Now the season moves into the two-game stretch run and Jackson is a focal point of this offensive attack. He's got to get his touches and provide the explosive element that helps the Eagles have a quick-strike, score-from-anywhere offense.
Jackson has been reborn in this offense after basically being used as a one- or two-dimensional piece in the recent years. Jackson seemed bored by "go" routes and hitch routes and screens. Kelly has used him across the middle much more this year, and Jackson is almost unstoppable dragging a cover man two steps behind him. Kelly wanted more versatility from Jackson and he's gotten that every week of the season.
"He has a unique skill set and you don't want to just leave him in one spot where everyone knows where he is," said Kelly. "I think the credit goes to DeSean as he has the ability to grasp. He is a really smart receiver and can play multiple positions for us and be effective in multiple positions for us. Some guys are just inside guys and some guys are just outside guys, but I think he is a combination of the two.
"It's fun as a coach when you have a player like him that you can move around."
This has been a terrific season of rebirth for Jackson, the perfect in the scheme.
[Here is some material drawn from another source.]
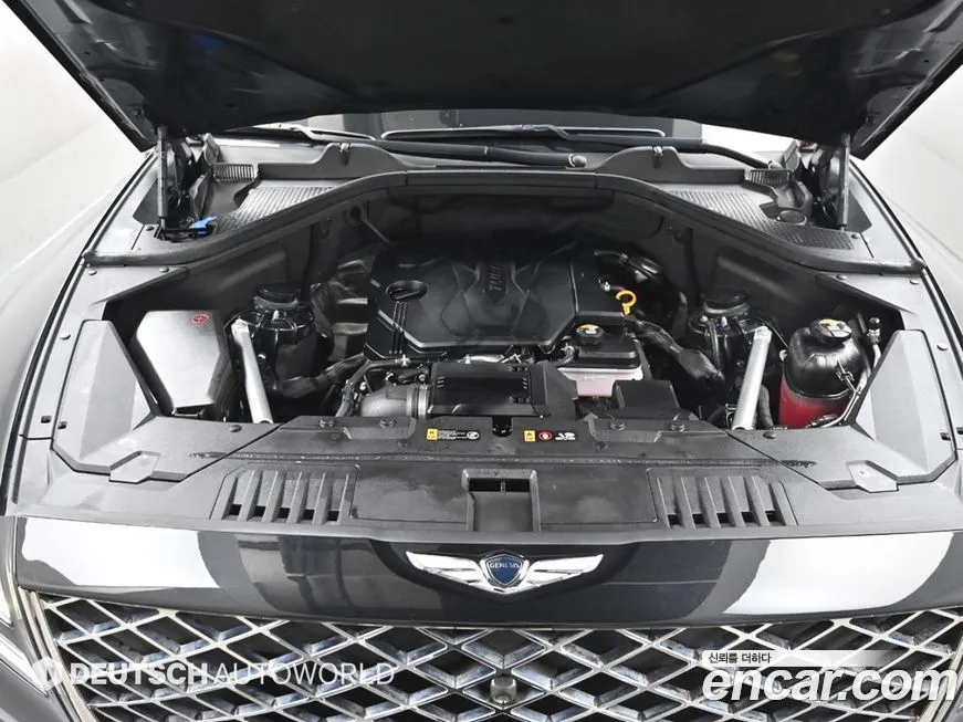 В основе версии Дженезис ДжиВи80 2.5Т Бензин АВД (Genesis GV80 2.5T Gasoline AWD) лежит четырёхцилиндровый турбированный двигатель объёмом 2.5 литра с системой непосредственного впрыска ГДИ (GDI), развивающий порядка 300 лошадиных сил и около 422 Нм крутящего момента в зависимости от рынка и года выпуска. Агрегат оснащён технологией изменения фаз газораспределения на обоих распределительных валах, что обеспечивает хорошую тягу как на низких, так и на высоких оборотах. Трансмиссия представлена восьмиступенчатым автоматом (8AT) с режимом ручного управления при помощи подрулевых лепестков. Полный привод АВД (AWD) реализован через многодисковую муфту подключения задней оси с электронным управлением, позволяющую варьировать распределение тяги между осями в зависимости от дорожных условий. Система полного привода АВД (AWD) в штатном режиме ориентирована преимущественно на задние колёса, что придаёт автомобилю характерный заднеприводный характер управляемости. Разгон с места до 100 км/ч занимает около 6 секунд в зависимости от конфигурации и рынка, что является достойным результатом для полноразмерного внедорожника (SUV) данного класса. Расход топлива в смешанном цикле составляет в среднем от 10 до 12 литров на 100 км в зависимости от стиля езды и дорожных условий - вполне приемлемый показатель для турбированного мотора в паре с полным приводом АВД (AWD) в этом сегменте. Габариты автомобиля соответствуют полноразмерному классу: длина превышает 4900 мм, ширина - около 1975 мм, высота - порядка 1715 мм, колёсная база составляет около 2955 мм. Клиренс ДжиВи80 (GV80) с пневматической подвеской (в зависимости от комплектации) может регулироваться, базовое значение составляет около 200 мм. Подвеска - независимая многорычажная на обеих осях, что обеспечивает плавность хода на уровне лучших представителей сегмента. Объём багажного отделения составляет около 727 литров, что является конкурентоспособным показателем для семиместного или пятиместного внедорожника (SUV) данного класса. Топливный бак вмещает около 71 литра, что обеспечивает приемлемый запас хода на одной заправке. Снаряжённая масса автомобиля в версии АВД (AWD) превышает 2100 кг, что требует учёта при оценке динамических характеристик и расхода топлива.
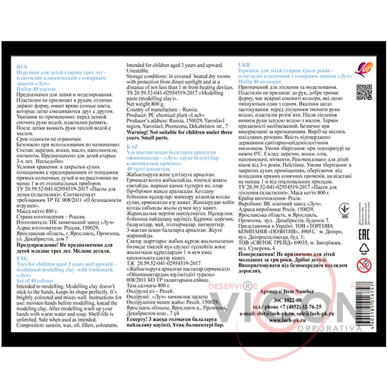 - Sigur pentru copii (siguranța produsului este garantată prin inspecții periodice pentru conformitatea cu cerințele de siguranță ale legislației ruse, cerințele Uniunii Vamale și cerințele de siguranță ale standardelor UE armonizate).

As the Chicago Bears prepare their defense for Sunday night's game, they want to find a way to corral Jackson without taking too much personnel away from running back LeSean McCoy and the other weapons in the Eagles' attack.
The Eagles will find a way to get Jackson the ball, though. He's one of the best we've ever seen here, and his season's numbers stand on their own. No question, when he's finished being an Eagle, Jackson will stand alone as the most dynamic wide receiver in the history of a wide receiver-rich franchise. Enjoy the show, folks, and appreciate the greatness before us. Jackson is a special player, one worth the price of admission every week, flaws and all.